In order to record these cross sections, SITU integrated a DT RCam—a medium format 80 megapixel camera—directly onto a CNC precision grinding machine. This ultra-high resolution reprographic camera, equipped with vibration reducing leaf lens technology, is normally used to archive precious library collections, and in this case allows GIRI to image serial sections in 48 bit color with detail as fine as 5 microns (see images above). Optical targets such as the one shown in the image below were used to measure the camera sensitivity. The same methodology is used when calibrating satellite cameras.

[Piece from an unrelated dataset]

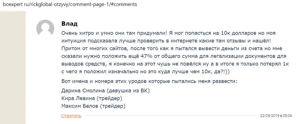 Влад оставил свой комментарий на сайте boexpert ru о том, что вложил 1000 долларов в торговлю на площадке RickGlobal. Лжеброкер требовал от него вложить еще как минимум 47%, но мужчина прочитал отзывы об этой шараге и все понял. Изначально он хотел вложить 10 000 долларов, чтобы заработать большую сумму. В итоге он рад, что потерял всего 1000, а не в 10 раз больше, как планировал.

As opposed to other computed tomography (CT) technologies such as X-ray based CT, GIRI excels at identifying embedded objects with little to no density contrast and at a greater volume, allowing for the imaging of exceptionally large heterogeneous samples, up to 20,000 cubic cm, with finer resolution than particle accelerating synchrotron based methods. While these non-invasive methods might be preferable when examining precious samples, the results of GIRI's destructive technique are unmatched in precision and cost.

Central to GIRI’s utility is the ability to model the specimens using three dimensional pixels called voxels. Unlike points and polygons which are used in a coordinate based system to define a shape’s surface, voxels represent an object’s matter at any given point, interior and exterior, much like how a pixel describes every point of light for 2D representations. This means that while a polygonal model would be great at describing a 3D structure with empty or homogeneously filled interior space, a voxel model excels at representing the materiality of a heterogeneously composed structure, perfect for anisotropic objects embedded in solid matter.

Such precise capabilities greatly exceed the utility of surface mesh modeling commonly employed by 3D modeling software and may have interesting implications for architects and designers who might begin gearing their consideration of 3D modeled objects towards that of a solid whole. For a look into the capabilities of the voxel modeling software GIRI uses, check out the video below.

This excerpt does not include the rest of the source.